For Good Samaritan laws to be applicable to clinicians and other healthcare providers, certain conditions must apply; specifically, there must exist no duty to treat. For this reason, this protection does not typically apply to on-call physicians.[5] Therefore, any physician with a pre-existing relationship with the patient cannot be considered a Good Samaritan. Another exclusion to almost all state statutes is that the physician or other healthcare provider providing aid cannot receive compensation for their care. If one receives any remuneration for helping in rendering emergency care, they can no longer be considered a Good Samaritan, and therefore, the protections no longer apply. 

Issues of Concern

Good Samaritan laws typically do not legally protect on-duty doctors.
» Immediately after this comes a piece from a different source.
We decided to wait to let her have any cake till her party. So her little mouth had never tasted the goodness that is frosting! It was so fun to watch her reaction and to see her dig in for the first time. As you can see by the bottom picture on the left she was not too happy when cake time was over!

However, there have been cases in the hospital setting when a physician has been deemed a Good Samaritan and protected by these laws.[5] Two separate examples in Michigan determined that surgeons who were not on call but contacted by the emergency department to help a patient were not held liable for poor outcomes due to Good Samaritan protection.[5] Conversely, another ruling in New Jersey adopted the position that, in all instances, "the protection of the Good Samaritan Act stops at the door of the hospital."[5] These cases serve to illustrate the variability not only from state to state but also from situation to situation. Another striking example of this variability is that all states except Kentucky have statutory language providing immunity to physicians licensed in any other state as well.[6] Therefore, the degree of reciprocal immunity can also vary from state to state. 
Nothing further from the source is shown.